De la Hoese painted landscapes and genre scenes with elegant ladies in interiors (at the beginning of his career with an emphasis on the representation of fabrics, in the line of Florent Willems). Most of his portraits are presentations of important members of Belgium's higher social classes and highly educated. They express an exceptional unconventional liveliness. The Belgian Government commissioned him to paint the posthumously portrait of Queen Louise-Marie for the Palace of the Nation, the seat of the Belgian Federal Parliament.

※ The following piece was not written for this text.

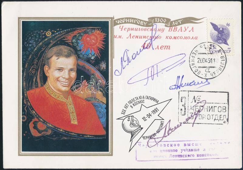 Jurij Viktorovics Romanyenko (1944- ), Adrijan Nyikolajev (1929-2004), Pavel Popovics (1930-2009) és Leonyid Popov (1945- ) szovjet űrhajósok aláírásai emlékborítékon /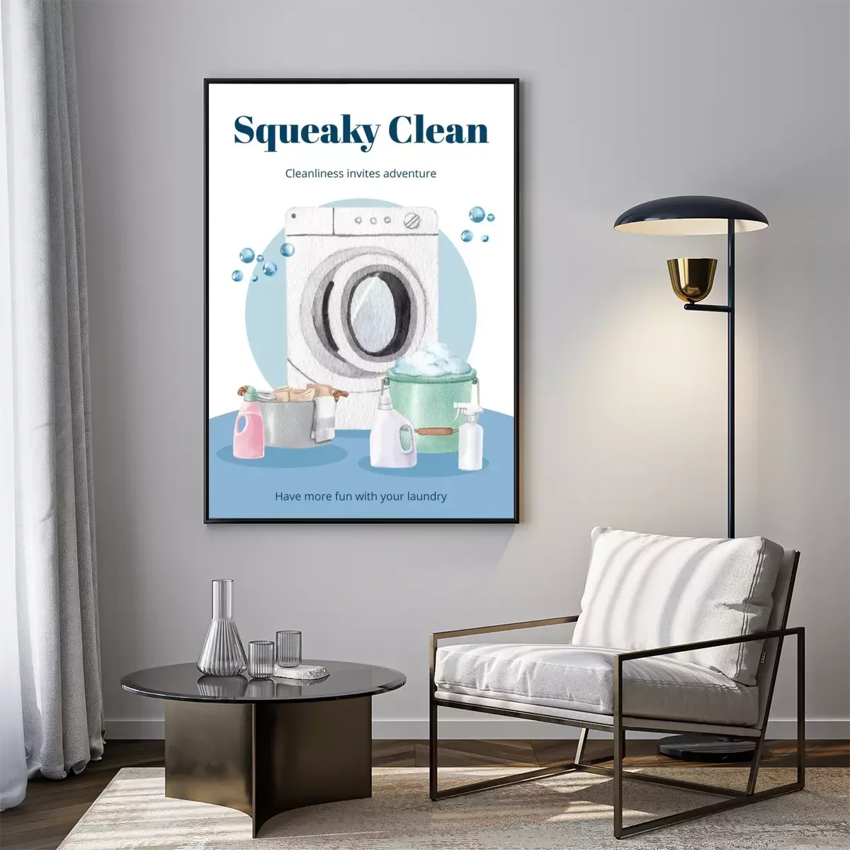 Poster  Poster template with laundry day concept,watercolor style

Jean De la Hoese lived at 66, rue Potagère/Warmoesstraat in Brussels (Saint-Josse-ten-Noode).

==Exhibitions==
- 1888: Paris, Exposition Universelle
- 1894: Munich, Glaspalast, World Exposition
- 1907: Paris, Salon d'automne (Portrait of Mrs A. Desenfans, Portrait of Mr Léonce Evrard)
- 1908: Berlin, Exhibition of Belgian Artists (Portrait of the Artist's Father)

==Trivia==
The street Avenue Jean de la Hoese in Molenbeek-Saint-Jean, Brussels, is named after him.

==Museums==
- Brussels, Royal Museums of Fine Arts of Belgium
- Brussels, Museum of Ixelles
- Brussels, Charlier Museum
- Gotha, Schlossgalerie (The Visit)
- Leuven, Stedelijk Museum

==Literature==
- P. & V. Berko, "Dictionary of Belgian Painters born between 1750 and 1875", Knokke 1981, p. 185-186.
- U. Thieme en F. Becker, Allgemeines Lexikon der bildenden Künstler von der Antike bis zur Gegenwart, 17, Leipzig (Seemann Verlag), 1924.
- Le dictionnaire des peintres belges du XIV° siècle à nos jours, Brussels, 1994.
- Eugène De Seyn, Dictionnaire biographique des sciences, des lettres et des arts en Belgique, Tome I, Brussels, 1935, p. 272.